Hammond and the Athletic Department have been working for years to create a range befitting a 19 time National Championship program. Last weekend the team toed the line of the new Bill McKenzie Rifle Range for the first time.

“Bill’s been a rifle supporter for several years and he’s been very generous,” said Hammond. “I’ve gotten to know him through the MAC and when we were putting this together the MAC approached Bill to see if he would be interested. He took it a step further and made a generous gift large enough for us to put his name on the range.”

McKenzie was more than happy to make the donation, but having his name on the facility was not something which excited him.

“He’s not in it for the publicity,” said Hammond. “I think his family had to twist his arm and convince him his name should be on the facility. It’s been great having his support over the last several years.’
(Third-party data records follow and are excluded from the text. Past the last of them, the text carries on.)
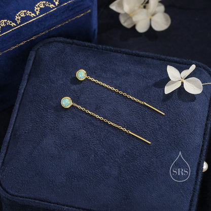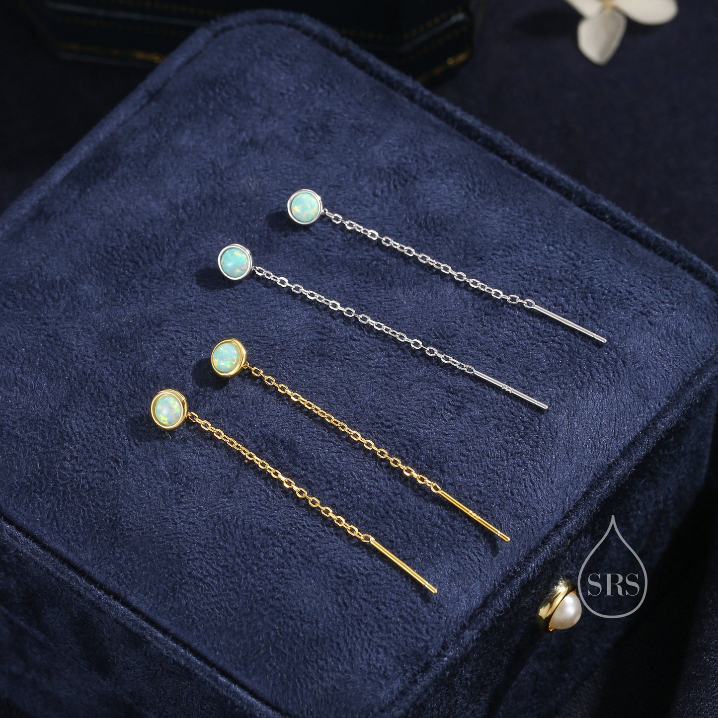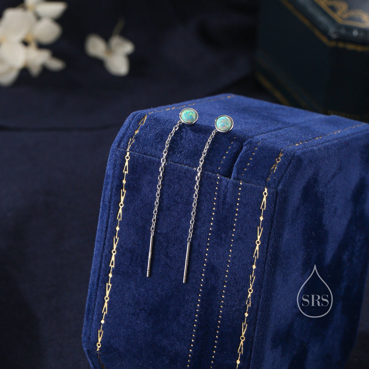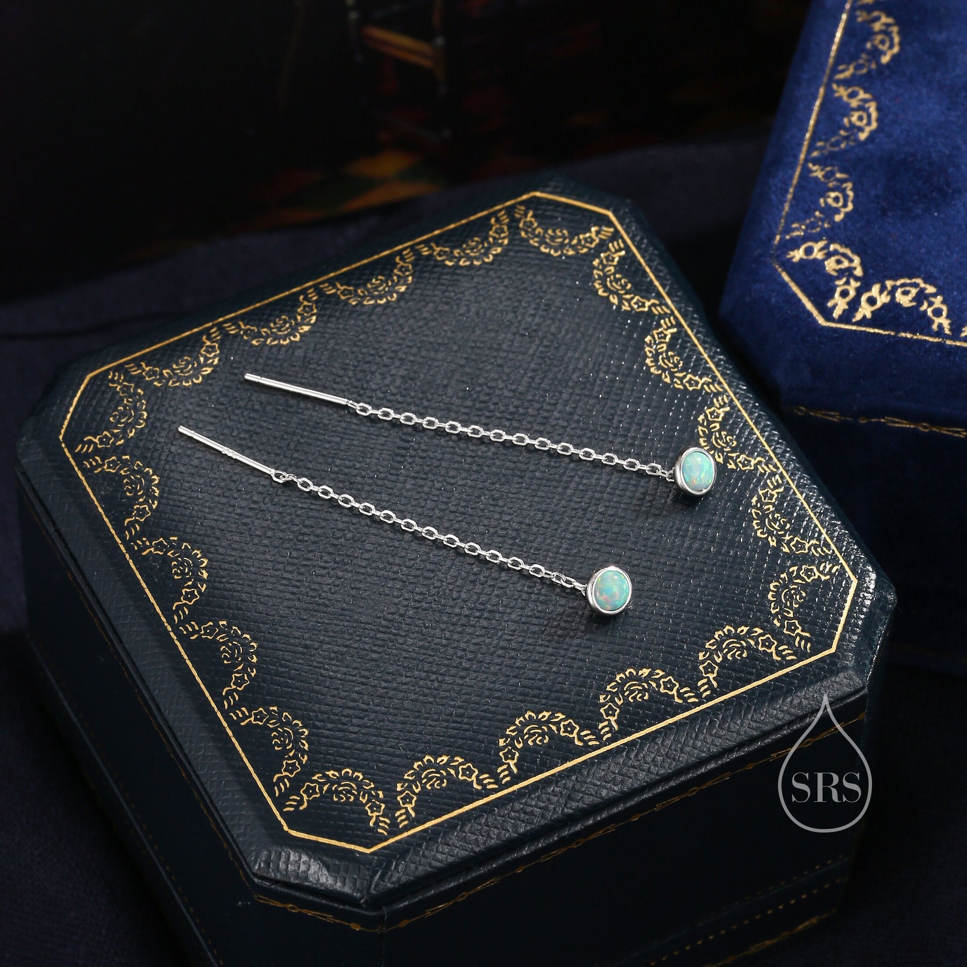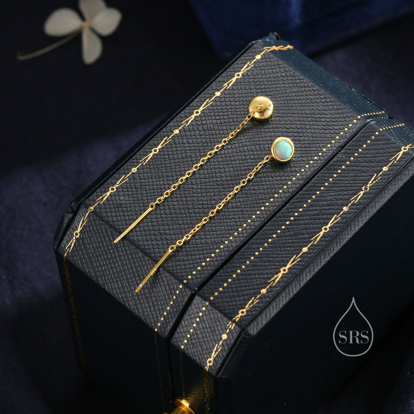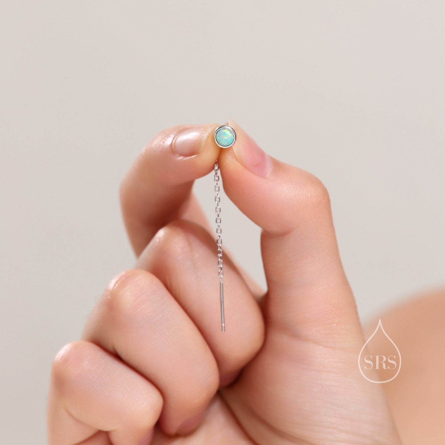 Green Opal Dot Threader Earrings in Sterling Silver, Lab Opal Ear Threaders, Silver or Gold, Green Opal Threaders, Chain Earrings
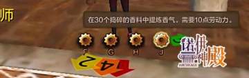 点击“J”键是消耗30个捣碎的香料提炼香气。捣碎的香料通过使用青铜雕刀加工薄荷向日葵等香辛料获得。
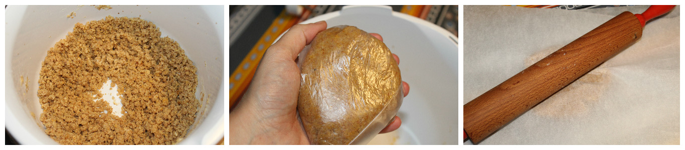 Lavorate tutti gli ingredienti nella planetaria, o in un robot da cucina fino ad ottenere un composto di briciole umide, trasferitele sul piano da lavoro impastatele a mano per qualche secondo fino ad ottenere una palla liscia, avvolgetela nella pellicola trasparente e fatela riposare in frigorifero per almeno 30 minuti prima dell’utilizzo.

The range is set up within the WVU Shell Building, which for many years has been the home of WVU’s indoor track. It includes 20 firing points for small bore and air rifle competition. It’s spectator friendly with bleacher seating and oversized video boards to fans can easily watch the progression of matches with video of each target.

The driving force in securing the range was plans for WVU to host next year’s NCAA Rifle Championships. However, beyond that event, Hammond would like to eventually take the range to other venues in West Virginia and so other fans could see a rifle competition in person.

“It’s mobile in the sense that yes, it can be disassembled , but it’s quite an undertaking,” he said. “But yet, I think that would be a really neat thing in the future. There are some really neat possible venues throughout the state where we might be able to do that.”

Although WVU is set to host the championship match next year, there have been discussions at the legislature which may or may not have an impact on those plans. One bill being considered would allow for the carry of concealed firearms on campus, at least in venues smaller than 5,000 people.  The NCAA has indicated schools where guns to be carried could be precluded from hosting championship events. According to Hammond nobody has had the discussion with him about that possibility.

“I don’t know how soon that would come into play. I hope that maybe it would be no team would win a bid for a championship,” said Hammond. “But if somethings already been determined, I hope that will be honored. It’s not something that’s been discussed.”

It may not have been discussed with Hammond, but university officials have expressed opposition to the idea to lawmakers.  The loss of NCAA events was one of many potential pitfalls about which the university expressed worry.

It would not be the first time Hammond encountered such action from the NCAA. The organization will not allow title matches in states which continue to recognize the Confederate flag. Hammond said that rule kept title matches from the University of Mississippi, which has a growing rifle program. Until this year The Citadel  had also been barred as a Championship host. However, South Carolina’s legislature eliminated the flag from official state recognition and this year The Citadel is hosting the NCAA Rifle Championships.